June 3, 2022 (ACP) — Nearly 370 American College of Physicians members converged on Washington, D.C., in person and virtually in May for the ACP annual Leadership Day advocacy event. They held hundreds of meetings with Congressional representatives and staff members, all with an eye toward using the power of the federal government to promote change for the better.

“We met with our nation's policymakers while sharing powerful stories from our practices and our patients to provide unique perspectives and influence the legislative process,” said Dr. Eileen M. Moser, an internal medicine physician and geriatrician in Hershey, Pennsylvania, a member of the ACP Board of Regents and president of the Board of Directors for ACP Services. “Our goal is to forward policies that improve health care for our patients and to reduce impediments and create conditions to allow us, as internal medicine physicians, to advance health and wellness for our patients.”

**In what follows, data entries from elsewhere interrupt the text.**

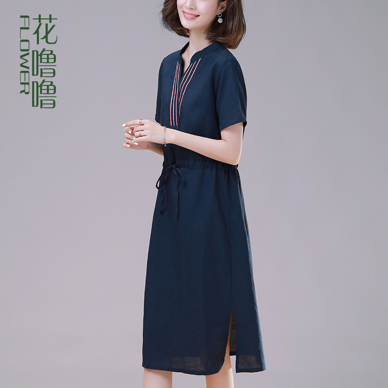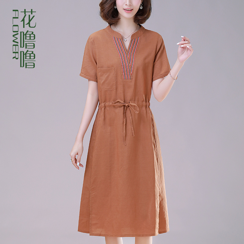 Your lady's cotton numb dress 2022 new summer dress women's temperament Hemp Middle-aged Mother Summer Foreign Dress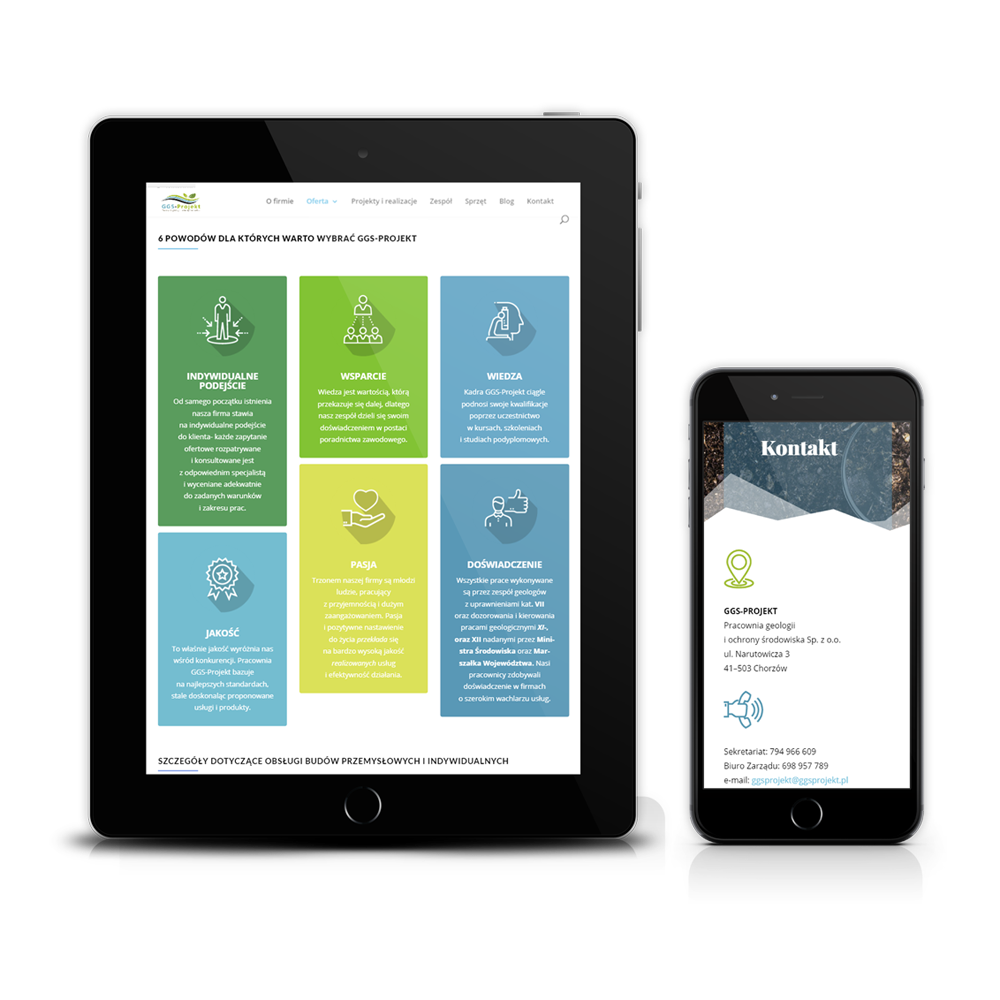 Projekt strony pracowni geologii i ochrony środowiska. Najważniejsze wyzwanie jakie niosło tworzenie strony internetowej GGS Projekt, to dokładne odtworzenie struktury i budowy strony w zupełnie nowej oprawie graficznej. Istniejąca strona była bardzo dobrze wypozycjonowana i zachowanie jej rankingu było kluczowe dla klienta.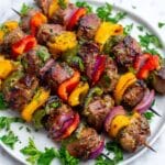 These Mediterranean Beef Kabobs feature tender sirloin steak marinated with fresh lemon, garlic, and aromatic herbs, then grilled to perfection alongside colorful vegetables. A flavorful and healthy main course perfect for a summer barbecue or weeknight dinner.

This year's Leadership Day was the first held in person since 2019 and allowed ACP members to once again make personal, one-on-one connections. “We're thrilled about the added energy and could see the heightened relationship-building that comes with the more intimate interaction of meeting face-to-face,” Moser said.

The two-day event began with training and education. “We honed our knowledge on key issues through excellent updates from ACP staff,” Moser noted. “We received training on how to use stories from our internal medicine practices to provide context to the policy issues we discuss and how to navigate difficult conversations and to remember to explicitly ask for support of discussed House and Senate bills. We were also provided background preparation to learn of our representative's membership on committees and sponsorship of bills that align with ACP interests.”

ACP also honored Minnesota internal medicine physician Dr. Sally Berryman with the Richard Neubauer Advocate for Internal Medicine Award and presented Oregon Senator Ron Wyden with the Joseph F. Boyle Award for Distinguished Public Service in honor of his outstanding work in support of health care.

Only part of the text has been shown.